Two-Sample Tests

Two-Sample Tests#

Important Readings

[FPP07], Chapter 27

Two-Sample Tests#

Until now, we’ve been studying one-sample tests. We proposed null hypotheses like \(\mu = 8\) or \(p = \frac{1}{3}\). This works if we have a good reason to care about if \(\mu\) is eight or not, perhaps if we want to know if a population gets the recommended number of hours of sleep. In other instances, you are more interested in one population relative to another. For example, do bankers get more or less sleep than college students? And this corresponds to the questions typically motivating experiments. Do people who take fish oil supplements have better cardiovascular outcomes than a control group not taking fish oil supplements?

The Standard Error#

The Idea#

Let’s start by comparing the sample number of heads for two different coins. We use a sample size of two flips for each coin for simplicity–sample sizes should be larger in practice. The SD for the list of chance errors is found in Table 13 is equal to 1.

Table 13 Comparison of the number of heads for two coins#
Sequences	Observed Heads (Coin 1)	Observed Heads (Coin 2)	Chance Error (Coin 1-Coin 2)	\[\mathbb{P}(\text{Sequences})\]
HH-HH	2	2	0	1/16
HH-HT	2	1	1	1/16
HH-TH	2	1	1	1/16
HH-TT	2	0	2	1/16
HT-HH	1	2	-1	1/16
HT-HT	1	1	0	1/16
HT-TH	1	1	0	1/16
HT-TT	1	0	1	1/16
TH-HH	1	2	-1	1/16
TH-HT	1	1	0	1/16
TH-TH	1	1	0	1/16
TH-TT	1	0	1	1/16
TT-HH	0	2	-2	1/16
TT-HT	0	1	-1	1/16
TT-TH	0	1	-1	1/16
TT-TT	0	0	0	1/16

The table and calculations above are for two sums. For the proportion of heads, everything would be divided by two, because \(n=2\). The resulting SD is \(\frac{1}{2}\). This is the SE for the difference of the proportions if we were to assume that \(p_1=p_2 = \frac{1}{2}\) and that the coin flip outcomes are independent. Compare this to the chance error from counting the number of heads from flipping a single fair coin twice. In that case, the possible chance errors would be -1, 0, 0, and 1 and the SE for the proportion would be \(\frac{1}{2\sqrt{2}}\).

The Formula#

For the proportion of heads, everything would be divided by two, because \(n=2\). The resulting SD is \(\frac{1}{2}\). This is the SE for the difference of the proportions, \(p_1-p_2\), if we were to assume that \(p_1=p_2 = \frac{1}{2}\) and that the coin flip outcomes are independent. Compare this to the chance error from counting the number of heads from flipping a single fair coin twice. In that case, the possible chance errors would be -1, 0, 0, and 1 and the SE for the proportion would be \(\frac{1}{2\sqrt{2}}\).

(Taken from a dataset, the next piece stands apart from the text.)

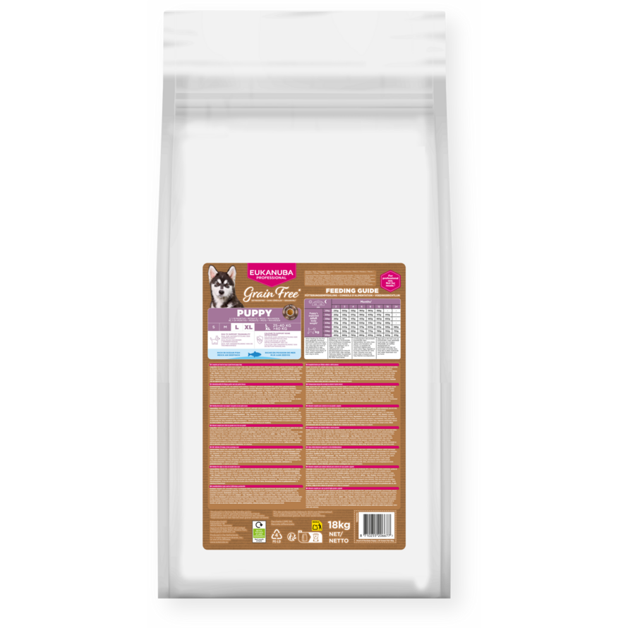 Dette kornfri tørfoder fra EUKANUBA, Grain Free*, er specielt sammensat til hvalpe af store racer i alderen 1 til 18 måneder (eller 1-24 måneder for kæmpestore racer). Dens opskrift med få allergener er rig på havfisk og omhyggeligt designet til hunde med kornfølsomhed, hvilket understøtter deres unikke ernæringsmæssige behov. Den kyllingefrie formel tilbyder et sundt måltid med alternative kulhydratkilder, herunder ærter og glutenfri* søde kartofler, som giver naturlige fibre, essentielle vitaminer og antioxidanter. Det er rigt på havfisk og forsyner også din hvalp med animalske proteiner af høj kvalitet, der er nødvendige for at opbygge og vedligeholde stærke, magre muskler. Det indeholder også DHA for at forbedre indlæringsevnen og calcium til at understøtte knogleudviklingen. Den skræddersyede fiberblanding med kostfibre (FOS), MOS og roepulp fremmer en sund fordøjelse, mens naturlige kilder til omega-6 og omega-3 understøtter en sund hud og skinnende pels. Dette tørfoder giver avanceret ernæring til hvalpe af store racer og understøtter optimal kondition og livslang velvære. Du kan stole på, at EUKANUBA understøtter din hvalps fundament for et lykkeligt og sundt liv.
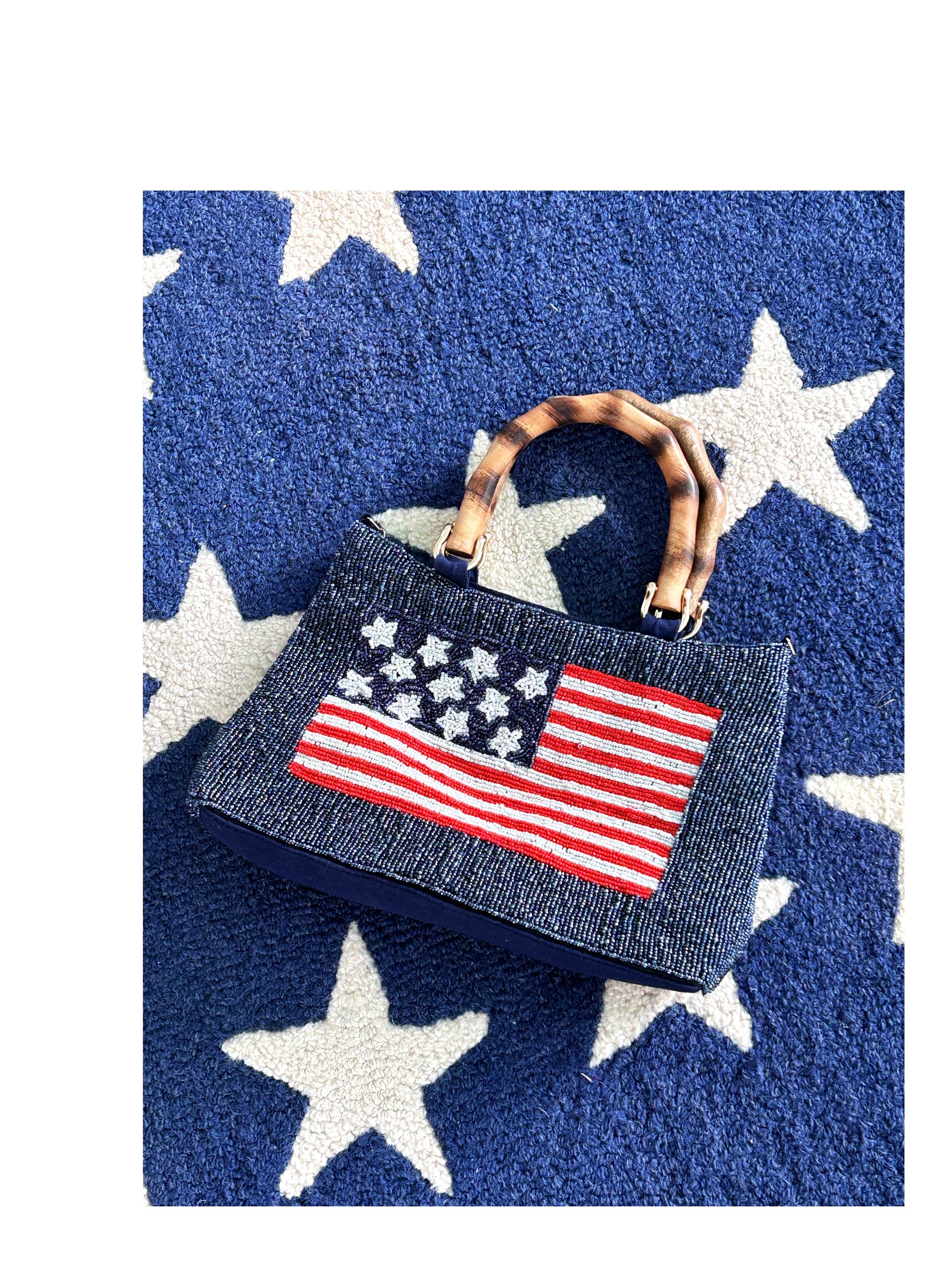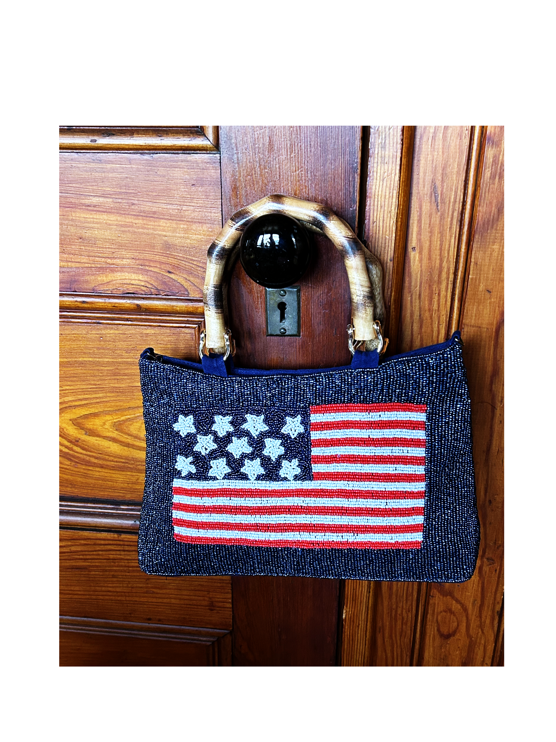 USA Proud! This stunning beaded American Flag tote style handbag features a navy beaded background and a beautiful beaded American Flag. A plain blue canvas back and satin inside finishes this high end bag. Other features include bamboo handles, a zipper closure, inside pocket and a pretty removable chain to convert to a cross body style.

The standard error for the difference of two independent quantities is \(\sqrt{a^2 + b^2}\), where \(a\) and \(b\) are the SEs for the first and second quantities.

Aside: You might note the similarities to the Pythagorean Theorem, coming from the similarity between the SD formula and the formula for Euclidean distance.[1] The side of the triangle, or vector, corresponds to the random quantity and the length of the side is the SE (not to be confused with the value of the random quantity which does not appear in the triangle).

_images/twoSampleSE.svg — Fig. 55 If \(\vec{y}\) has length \(a\) and \(\vec{x}\) has length \(b\), then \(\vec{y}-\vec{x}\) has length \(\sqrt{a^2 + b^2}\). The SE is like the length of the hypotenuse.#

Examples#

Example 1. If \(p_1 = 0.5\), \(p_2 = 0.5\), \(n_1= 25\) and \(n_2 = 50\), find the SE for \(p_1 - p_2\).

We apply the formula for the standard error of a difference, \(\sqrt{a^2 + b^2}\). The first quantity is for \(p_1\). Its sample average has an SE of \(\sqrt{\frac{0.5\times(1-0.5)}{25}}\). The second quantity is for \(p_2\). Its sample average has an SE of \(\sqrt{\frac{0.5\times(1-0.5)}{50}}\). These two numbers take the place of \(a\) and \(b\) in the formula for the SE of a difference.

\[ \text{SE} = \sqrt{\frac{0.25}{25} + \frac{.25}{50}} \]

\[ \text{SE} = \sqrt{\frac{1}{100} + \frac{1}{200}}\]

\[ \text{SE} = \sqrt{\frac{3}{200}}\]

Example 2. Box A has an average of 100 and SD of 10. Box B has an average of 50 and an SD of 18. 25 random draws are made with replacement from box A and 36 draws are made with replacement from box B. Find the expected value and difference between the average of the draws from box A and the average of the draws from box B.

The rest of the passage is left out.